Dental fluorosis is widespread in the eastern part of Africa. Drinking water has traditionally been considered the main reason for the development of fluorosis, but food items may also be a contributor in areas with high concentrations of fluoride in the soil. The purpose of this study was to assess the fluoride content of fish and staple food items commonly consumed by children. Sampling was undertaken during November and December 1993 and March 1994 from the following areas: Awassa and Zwai, Ethiopia; Mwanza and Dar es Salaam, Tanzania; and Bujumbura, Burundi. The fluoride concentration was analyzed by the use of a fluoride selective electrode. Whole fish and bone samples had a high fluoride concentration while fillet samples generally were low in fluoride. The highest fluoride concentrations in fish were found in marine species that are eaten whole.
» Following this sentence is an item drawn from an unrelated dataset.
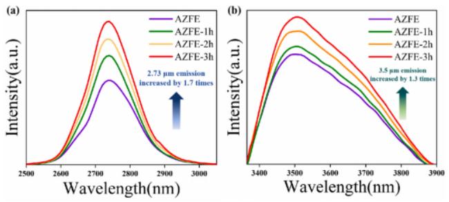 *后,基于Er3+摻雜的氟化物玻璃陶瓷樣品,對其進(jìn)行了從可見至中紅外的熒光發(fā)射測試。測試發(fā)現(xiàn)氟化物玻璃陶瓷樣品在激發(fā)光的激發(fā)下展現(xiàn)出更強(qiáng)的可見光發(fā)射。通過一系列的全光譜發(fā)光測試,得到氟化物玻璃陶瓷樣品在可見和近紅外波段的發(fā)光增加了近10倍以上,在中紅外2.7μm和3.5μm波段也有較為明顯的增強(qiáng)效果。

The fluoride concentrations in the vegetables varied, ranging from 0.3 mg/kg dry wt in maize to 7.7 mg F/kg dry wt in spinach. Since a typical East African meal often has starchy food as the central component, a high fluoride content in cereals and legumes may be of greater concern than food made from whole fish. It is difficult to assess the amount of fluoride absorbed as fluoride interacts with other elements in the diet, which will most likely reduce the absorption.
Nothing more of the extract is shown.